• **Problem details**
For every entry below, give an exact repeat and leave out the pictures.

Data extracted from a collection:
_ _ _ _ _

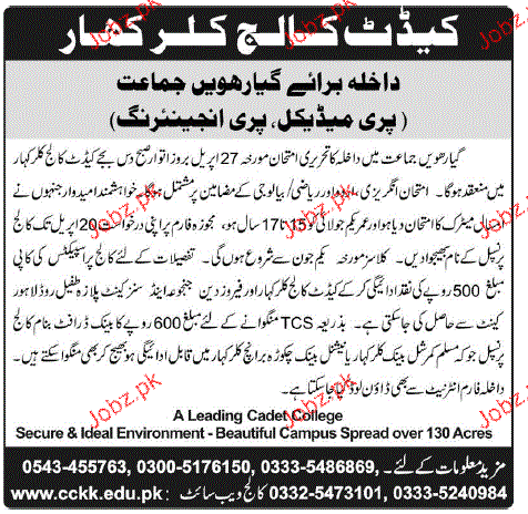 Cadet College Kallar Kahar Admission in Class XI in Kallar Kahar Read newspaper ad for exact details.
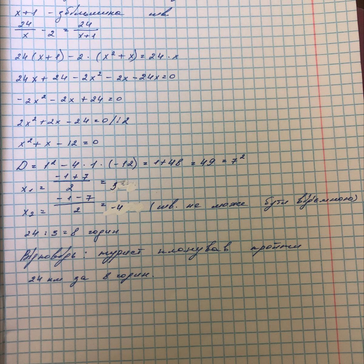 Турист планував пройти 24 км за деякий час. Збільшивши заплано вану швидкість руху на 2 км/год, вiн подолав намічений шлях на 1 год За який час планував ШВИДШе. За турист пройти 24 км?
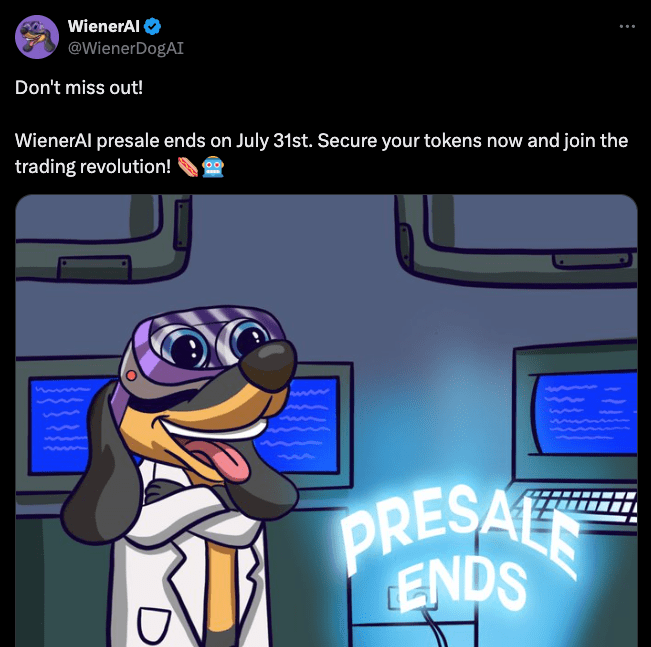 Il progetto crypto a tema cane Wiener AI (WAI) è entrato negli ultimi giorni della sua fase di prevendita.
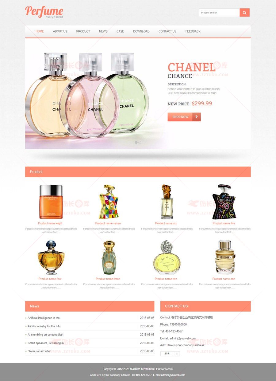 EyouCMS香水外贸企业响应式英文网站模板,易优CMS外贸类企业网站模板下载。适用于营销型外贸商城网站使用。模板自带eyoucms内核,无需再下载eyou系统,原创设计、手工书写DIV+CSS,完美兼容IE7+、Firefox、Chrome、360浏览器等;主流浏览器;结构容易优化;多终端均可正常预览。
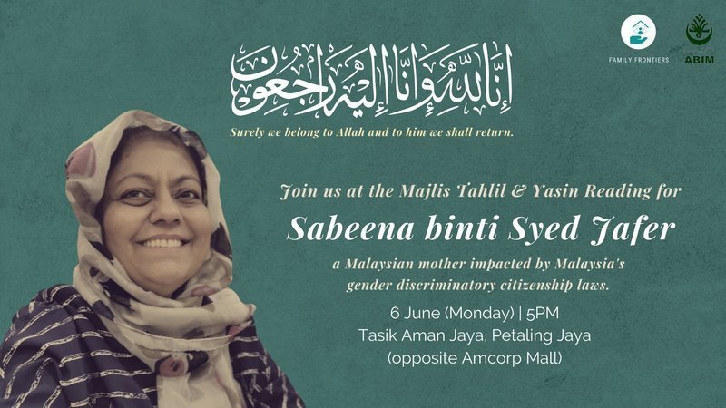 Family Frontiers, in collaboration with Angkatan Belia Islam Malaysia (ABIM), is organising a Majlis Tahlil & Bacaan Yasin for Sabeena, a Malaysian mother who was part of Family Frontiers’ Network of Impacted Malaysian Mothers. The event will be held on 6 June 2022 (Monday), 5 PM at Tasik Aman Jaya, Petaling Jaya (opposite Amcorp Mall).

_ _ _ _ _

• **Answer space**
 Cadet College Kallar Kahar Admission in Class XI in Kallar Kahar Read newspaper ad for exact details.
 Турист планував пройти 24 км за деякий час. Збільшивши заплано вану швидкість руху на 2 км/год, вiн подолав намічений шлях на 1 год За який час планував ШВИДШе. За турист пройти 24 км?
 Il progetto crypto a tema cane Wiener AI (WAI) è entrato negli ultimi giorni della sua fase di prevendita.
 EyouCMS香水外贸企业响应式英文网站模板,易优CMS外贸类企业网站模板下载。适用于营销型外贸商城网站使用。模板自带eyoucms内核,无需再下载eyou系统,原创设计、手工书写DIV+CSS,完美兼容IE7+、Firefox、Chrome、360浏览器等;主流浏览器;结构容易优化;多终端均可正常预览。
 Family Frontiers, in collaboration with Angkatan Belia Islam Malaysia (ABIM), is organising a Majlis Tahlil & Bacaan Yasin for Sabeena, a Malaysian mother who was part of Family Frontiers’ Network of Impacted Malaysian Mothers. The event will be held on 6 June 2022 (Monday), 5 PM at Tasik Aman Jaya, Petaling Jaya (opposite Amcorp Mall).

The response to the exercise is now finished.